Religious minorities feel neglected in Jakarta election

Despite the three candidate pairs in the Jakarta gubernatorial election offering promises to various social and demographic groups across the capital, religious minority groups still feel left out as candidates seem to prefer wooing members of the majority community.

In the three months since the election campaign kicked off in late October, none of the three candidates, namely Agus Harimurti Yudhoyono-Sylviana Murni, incumbent Basuki “Ahok” Tjahaja Purnama-Djarot Saiful Hidayat and Anies Baswedan-Sandiaga Uno, have specifically spoken about protecting religious minorities from intolerant groups, even in the face of a rising number of sectarian incidents in the city.
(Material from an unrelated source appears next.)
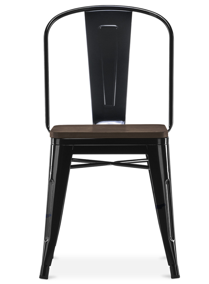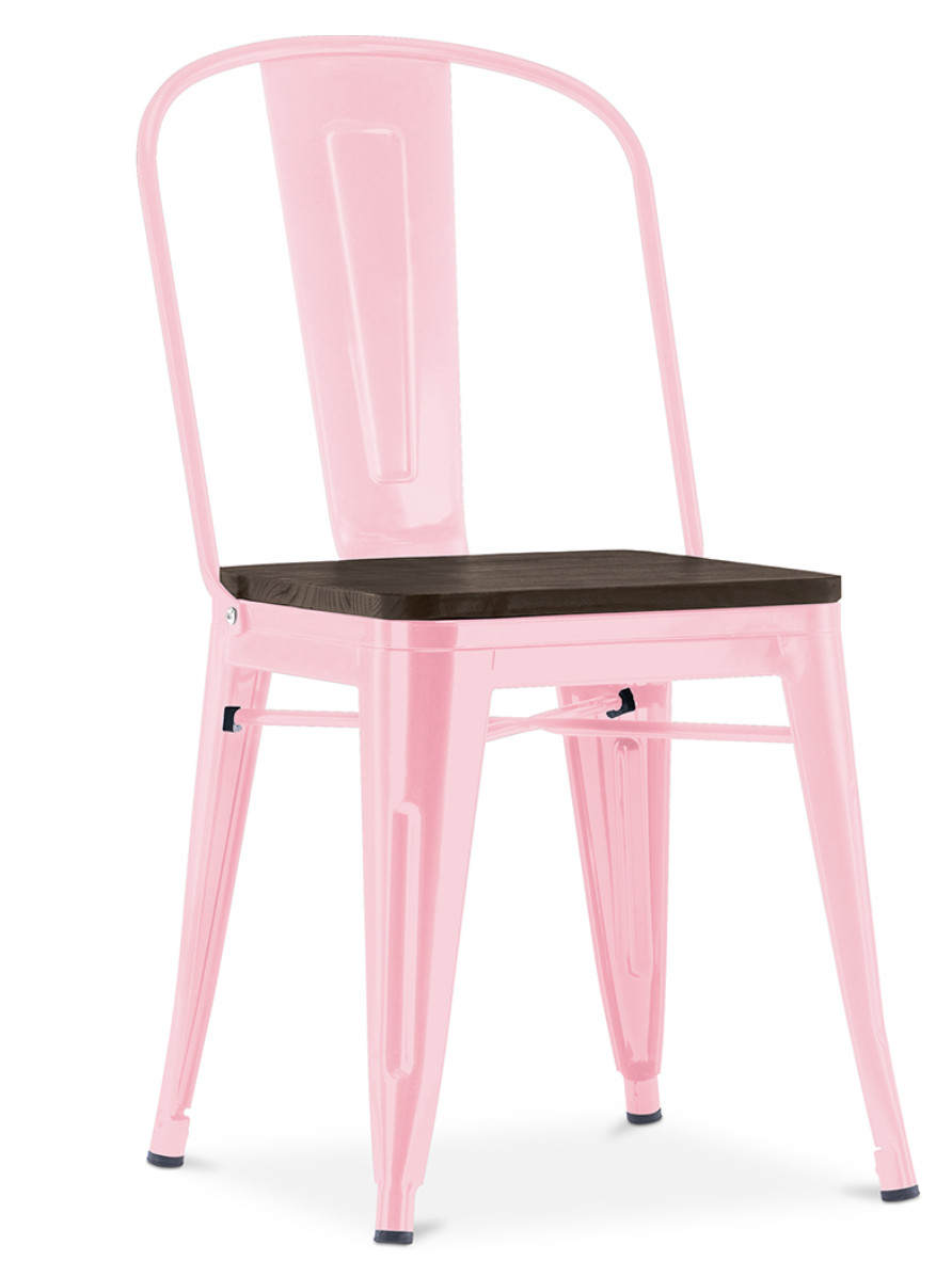 Chaise industrielle acier brillant et assise en bois massif marron Reko-Couleur Rose
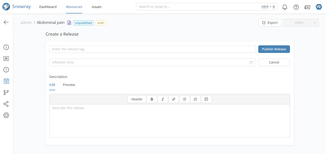 To release a Value Set, select it from the Resources page, go to the Releases tab and click on the

Human rights organization Setara Institute reported that 31 sectarian incidents occurred in Jakarta in 2016, putting it in second place as the most intolerant province after West Java with 41 cases. Jakarta had not been in the top 10 of the most intolerant provinces list since 2008, according to Setara Institute deputy director Bonar Tigor Naipospos.

The Ahmadiyah and Shia are just two of the religious minority groups that have often faced discrimination in the past.

The leader of East Jakarta’s Ahmadiyah community, Aryudi Prastowo, said the candidates should have spoken more about the issue of religious-minority rights because Jakarta was home to people from different religions and ethnic backgrounds.

“What makes Jakarta Jakarta is the minorities. If you wipe out all the minorities, Jakarta would no longer be Jakarta,” he told The Jakarta Post on Friday.

Aryudi said the Ahmadiyah community left its members to vote for whichever candidate they wished. Voters, however, were urged not to vote for candidates that were backed by intolerant groups, he added.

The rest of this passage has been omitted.